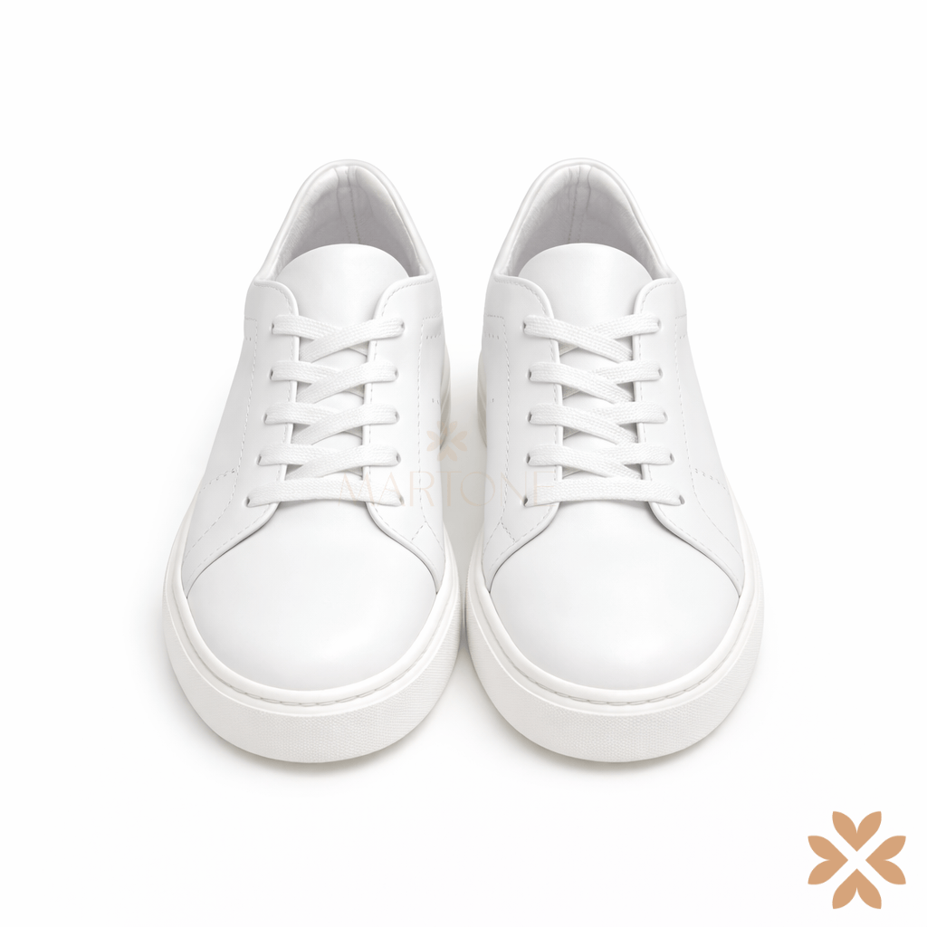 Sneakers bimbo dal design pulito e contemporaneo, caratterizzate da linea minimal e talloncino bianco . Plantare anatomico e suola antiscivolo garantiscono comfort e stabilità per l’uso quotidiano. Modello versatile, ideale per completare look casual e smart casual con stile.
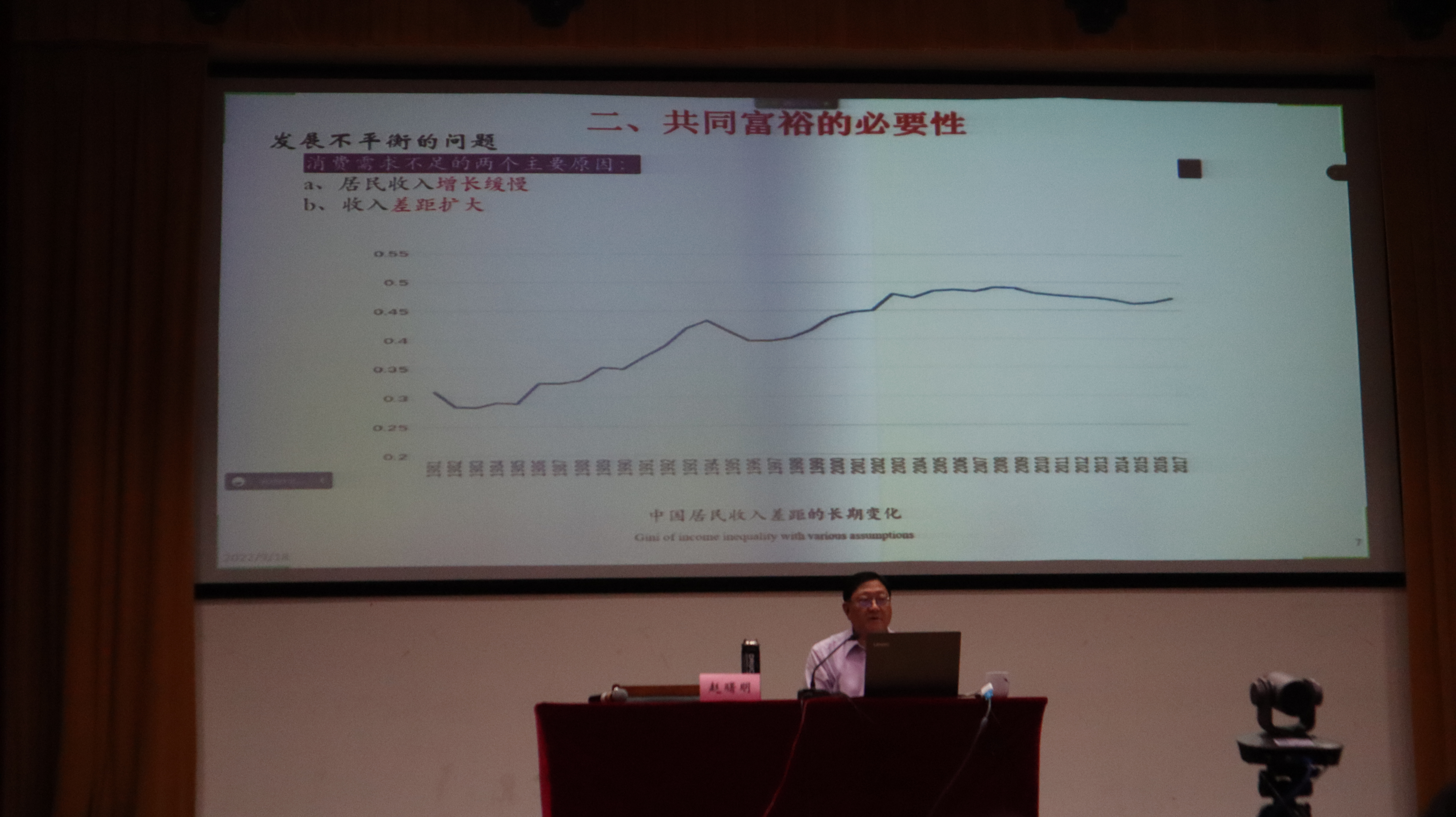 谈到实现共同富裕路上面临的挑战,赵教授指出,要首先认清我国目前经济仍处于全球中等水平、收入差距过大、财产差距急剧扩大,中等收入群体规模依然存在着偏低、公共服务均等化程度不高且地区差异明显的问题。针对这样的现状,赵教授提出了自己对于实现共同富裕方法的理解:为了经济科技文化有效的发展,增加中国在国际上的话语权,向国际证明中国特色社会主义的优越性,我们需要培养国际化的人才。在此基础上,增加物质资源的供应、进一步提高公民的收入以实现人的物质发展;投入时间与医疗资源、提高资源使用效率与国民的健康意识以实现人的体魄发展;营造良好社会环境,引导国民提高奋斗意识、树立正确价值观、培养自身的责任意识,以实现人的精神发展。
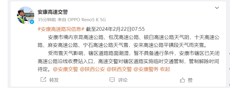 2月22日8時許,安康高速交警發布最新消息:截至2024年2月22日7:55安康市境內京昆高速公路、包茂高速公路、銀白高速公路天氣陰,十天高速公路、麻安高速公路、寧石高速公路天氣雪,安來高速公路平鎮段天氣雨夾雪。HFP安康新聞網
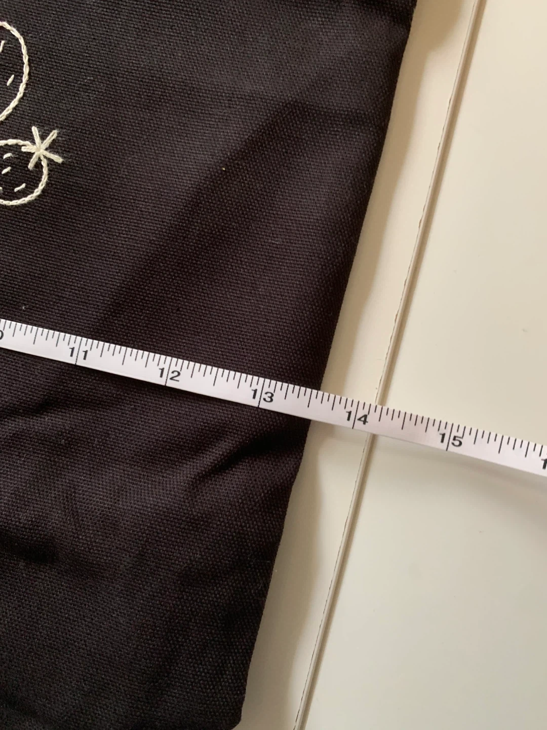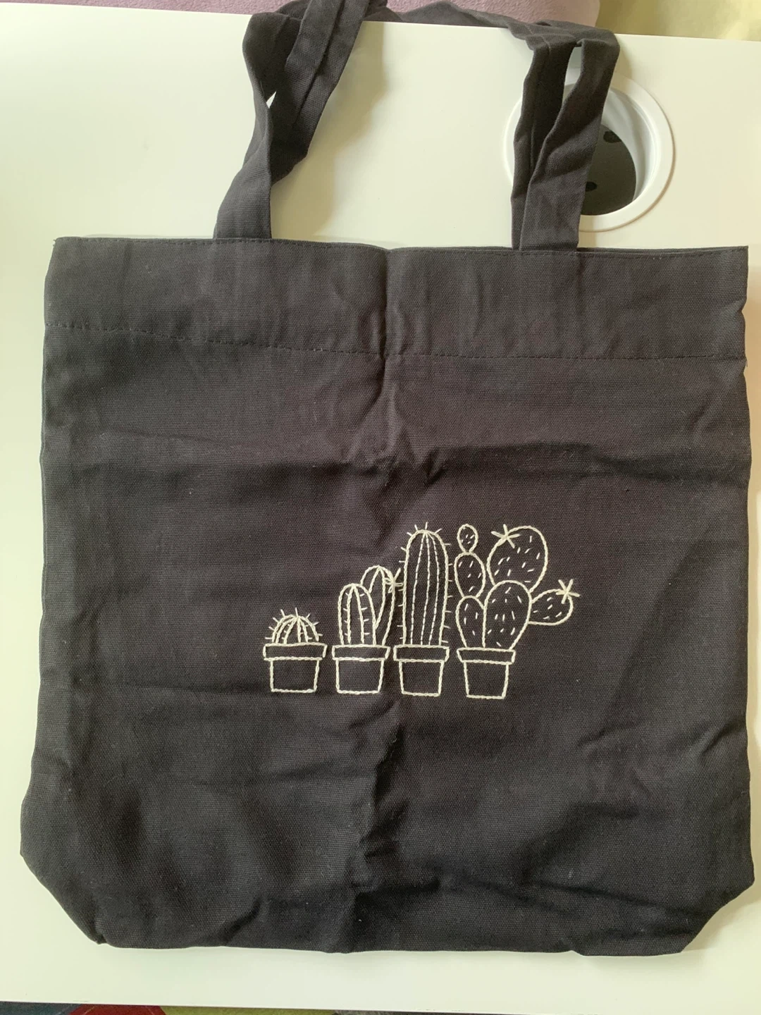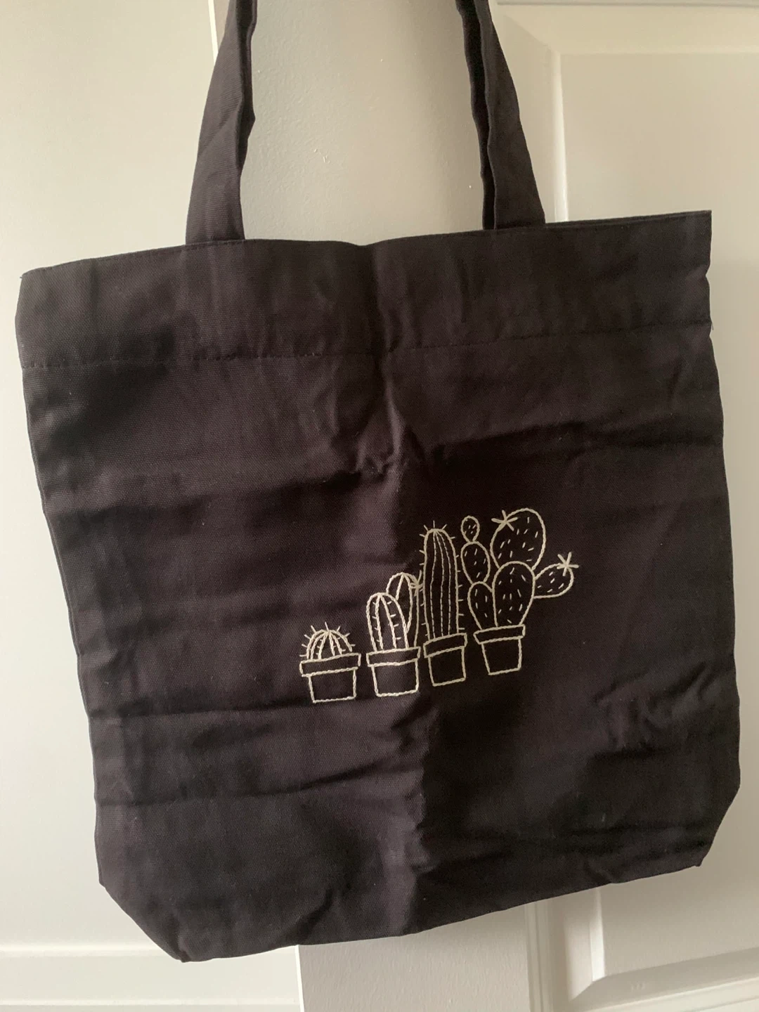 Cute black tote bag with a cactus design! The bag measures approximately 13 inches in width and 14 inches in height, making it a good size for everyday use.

* * *

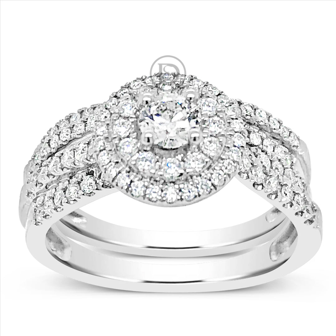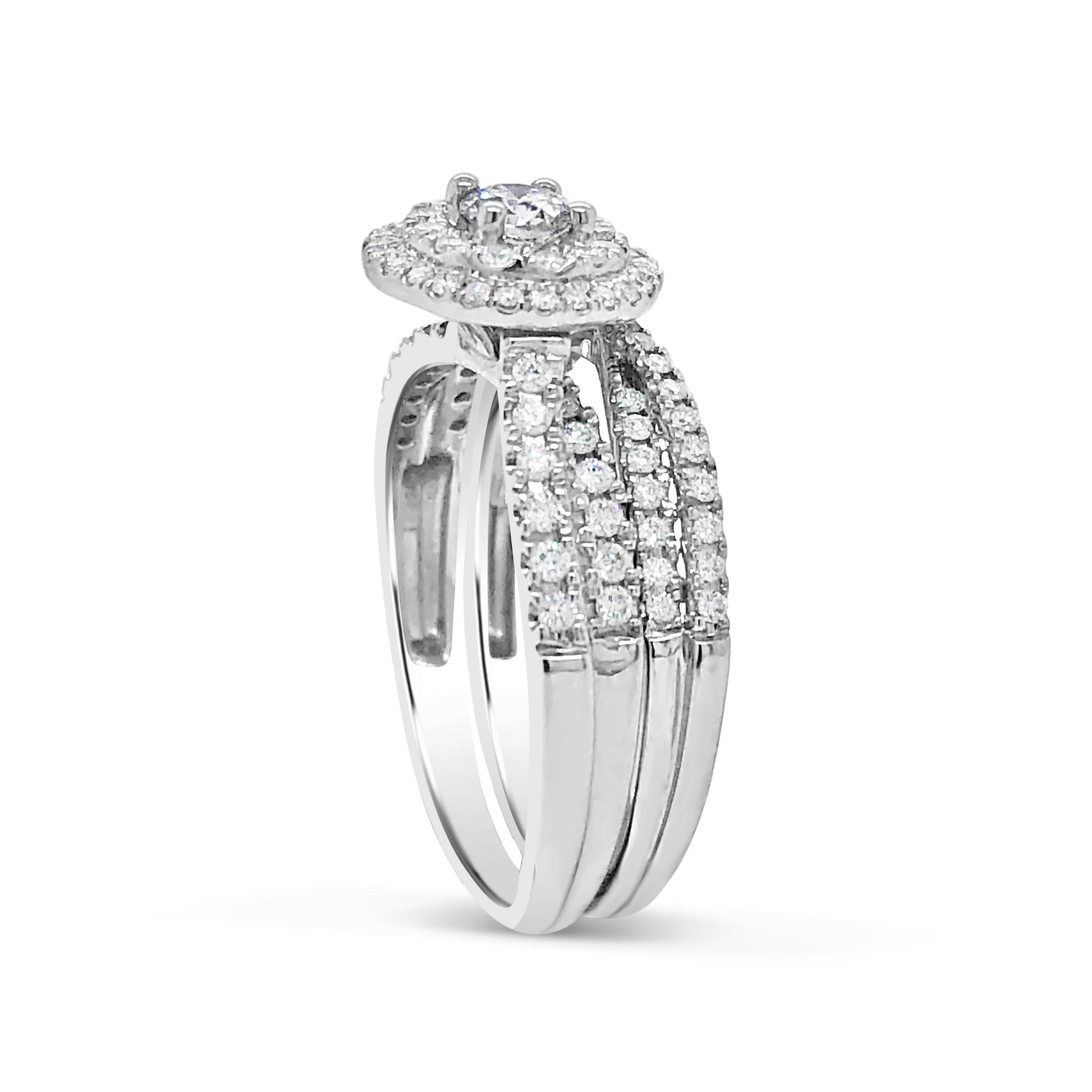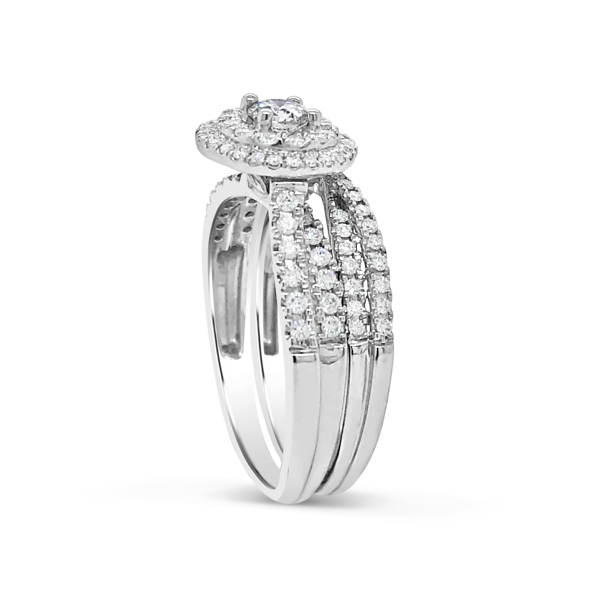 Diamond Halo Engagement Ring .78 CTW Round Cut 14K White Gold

* * *

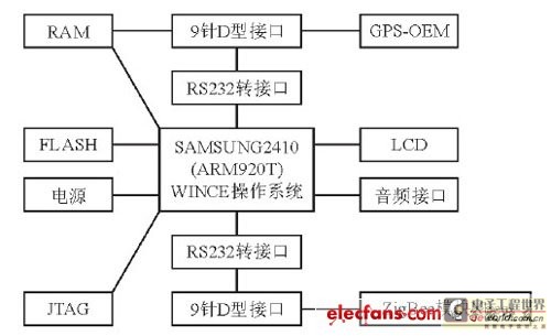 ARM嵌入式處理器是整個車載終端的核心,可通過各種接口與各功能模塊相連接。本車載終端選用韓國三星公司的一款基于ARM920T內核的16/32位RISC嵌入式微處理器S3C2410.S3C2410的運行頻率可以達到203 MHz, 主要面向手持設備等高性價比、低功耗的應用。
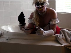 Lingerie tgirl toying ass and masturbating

### PROBLEM TO WORK ON
Repeat exactly, and only, the entries from the line with "2月22日8時許,安康高速交" through the line with "Cute black tote". Pictures are skipped.

### OUTPUT OF THE TASK
 2月22日8時許,安康高速交警發布最新消息:截至2024年2月22日7:55安康市境內京昆高速公路、包茂高速公路、銀白高速公路天氣陰,十天高速公路、麻安高速公路、寧石高速公路天氣雪,安來高速公路平鎮段天氣雨夾雪。HFP安康新聞網
 Cute black tote bag with a cactus design! The bag measures approximately 13 inches in width and 14 inches in height, making it a good size for everyday use.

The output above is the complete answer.